Eu nunca vivi de pensão, pelo contrário, sempre fui a luta para me bancar e o dinheiro que era do meu filho tinha toda uma supervisão.  Ainda bem!
Quando namorei homens mais velhos era criticada porque diziam que era interesse, hoje se namoro mais novos é porque não tenho senso.
Como é difícil tentar agradar as pessoas e sabe por que algumas pessoas não querem seu bem? Porque o ser humano prefere julgar, descontando suas frustrações no outro. A gente precisa se sentir bem na própria pele, logo, devemos seguir o que queremos, mesmo sob as críticas, porque elas virão e é assim que tenho vivido minha vida. Seguindo nos acertos e voltando atrás nos erros. Não sou perfeita, como ninguém é.
Sou bem resolvida com meu corpo, mesmo sofrendo ataques quando o exponho, mesmo sendo de forma que não agrida a ninguém. E não deixarei de fazer mesmo com pessoas dizendo que tenho que escondê-lo, alegando que ou não é coisa de uma mãe ou porque não é para tal idade.
A idade define caráter ou limita o que te dá prazer? Não!
Mas existe um machismo na sociedade em que vivemos que o homem quando fica mais velho é como o vinho, só melhora, já a mulher é comparada a um maracujá, merece o ostracismo.
Não.

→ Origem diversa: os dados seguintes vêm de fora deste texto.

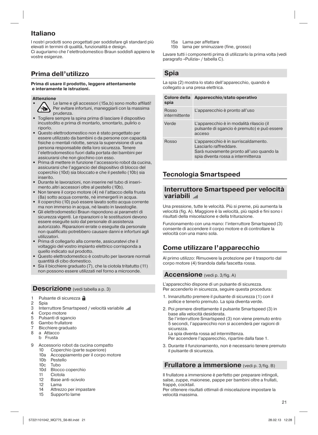 Italiano I nostri prodotti sono progettati per soddisfare gli standard più elevati in termini di qualità, funzionalità e design. Ci auguriamo che l’elettrodomestico Braun soddisfi appieno le vostre esigenze. Prima dell’utilizzo Prima di usare il prodotto, leggere attentamente e interamente le istruzioni. Attenzione Le lame e gli accessori (15a,b) sono molto affilati! Per evitare infortuni, maneggiarli con la massima prudenza.

Não podemos aceitar isso, não podemos permitir que atinjam nossa autoestima, não podemos permitir que nos coloquem em caixinhas limitadoras. Nunca fui tão feliz como agora,  nunca estive tão em paz com meu corpo e meu caráter como agora.
Não podemos permitir que nos digam o que vestir, o que é para nossa idade ou não e não podemos permitir  que nos rotulem de santas ou garotas de programa.
É sufocante fazer qualquer coisa e ficar com medo só de imaginar se haverão críticas e qual será o tamanho da porrada. Viver pisando em ovos cansa.
Temos que nos livrar de amarras, julgamentos e preconceitos, porque só assim podemos evoluir de verdade.
Você ter uma opinião não permite que trate aquilo como verdade absoluta sobre a vida do outro. Minha história sempre foi espalhada para o grande público, com grandes pitadas de maldade, machismo e fake  news. Sempre foi algo do tipo “dane-se a saúde mental dela, queremos o espetáculo”.
Vejo isso acontecer até hoje, em sua grande maioria, com mulheres. Basta! Não são só fantoches,  são vidas, que muitas vezes acabam dilaceradas internamente e criam feridas que serão carregadas para sempre,  única e exclusivamente porque alguns tratam como entretenimento.
Eu convido você a refletir quantas vezes você diminuiu, feriu e destruiu a autoestima e a saúde mental de uma mulher falando da vida dela.